**What you have to do**
No picture belongs in the copy. Repeat each line below exactly.

*** Opening Data extract ***

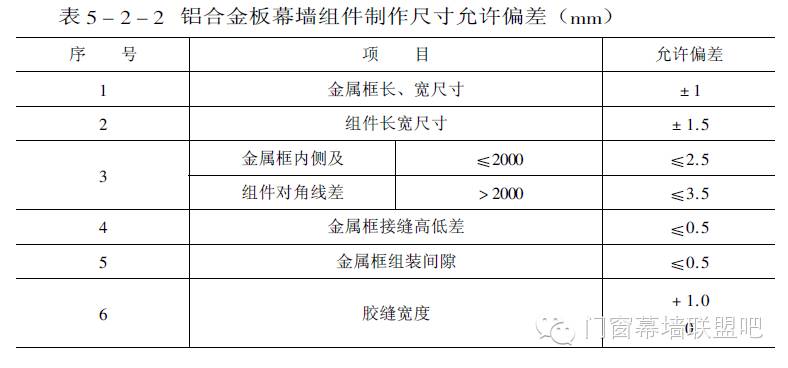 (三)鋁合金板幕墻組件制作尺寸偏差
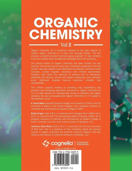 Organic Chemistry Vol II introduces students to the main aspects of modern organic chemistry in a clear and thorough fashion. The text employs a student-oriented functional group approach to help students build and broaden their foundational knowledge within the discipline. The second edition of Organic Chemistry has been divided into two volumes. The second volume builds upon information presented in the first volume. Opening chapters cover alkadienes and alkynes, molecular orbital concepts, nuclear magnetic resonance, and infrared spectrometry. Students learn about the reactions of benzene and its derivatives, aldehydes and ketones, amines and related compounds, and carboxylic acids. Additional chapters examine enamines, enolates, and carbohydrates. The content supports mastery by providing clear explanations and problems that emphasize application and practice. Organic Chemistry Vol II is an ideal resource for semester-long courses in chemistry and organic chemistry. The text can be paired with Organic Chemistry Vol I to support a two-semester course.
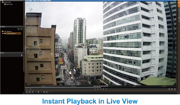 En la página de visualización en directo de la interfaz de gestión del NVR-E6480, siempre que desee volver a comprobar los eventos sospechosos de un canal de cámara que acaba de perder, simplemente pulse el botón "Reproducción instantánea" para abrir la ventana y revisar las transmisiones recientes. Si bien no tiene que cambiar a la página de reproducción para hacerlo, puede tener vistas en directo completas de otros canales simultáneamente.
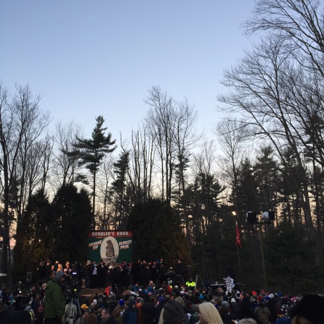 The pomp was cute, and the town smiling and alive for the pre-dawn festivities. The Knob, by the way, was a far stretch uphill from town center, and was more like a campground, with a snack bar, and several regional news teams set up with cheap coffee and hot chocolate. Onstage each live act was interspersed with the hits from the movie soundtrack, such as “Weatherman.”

*** Closing Data extract ***

**Exercise solution**
 (三)鋁合金板幕墻組件制作尺寸偏差
 Organic Chemistry Vol II introduces students to the main aspects of modern organic chemistry in a clear and thorough fashion. The text employs a student-oriented functional group approach to help students build and broaden their foundational knowledge within the discipline. The second edition of Organic Chemistry has been divided into two volumes. The second volume builds upon information presented in the first volume. Opening chapters cover alkadienes and alkynes, molecular orbital concepts, nuclear magnetic resonance, and infrared spectrometry. Students learn about the reactions of benzene and its derivatives, aldehydes and ketones, amines and related compounds, and carboxylic acids. Additional chapters examine enamines, enolates, and carbohydrates. The content supports mastery by providing clear explanations and problems that emphasize application and practice. Organic Chemistry Vol II is an ideal resource for semester-long courses in chemistry and organic chemistry. The text can be paired with Organic Chemistry Vol I to support a two-semester course.
 En la página de visualización en directo de la interfaz de gestión del NVR-E6480, siempre que desee volver a comprobar los eventos sospechosos de un canal de cámara que acaba de perder, simplemente pulse el botón "Reproducción instantánea" para abrir la ventana y revisar las transmisiones recientes. Si bien no tiene que cambiar a la página de reproducción para hacerlo, puede tener vistas en directo completas de otros canales simultáneamente.
 The pomp was cute, and the town smiling and alive for the pre-dawn festivities. The Knob, by the way, was a far stretch uphill from town center, and was more like a campground, with a snack bar, and several regional news teams set up with cheap coffee and hot chocolate. Onstage each live act was interspersed with the hits from the movie soundtrack, such as “Weatherman.”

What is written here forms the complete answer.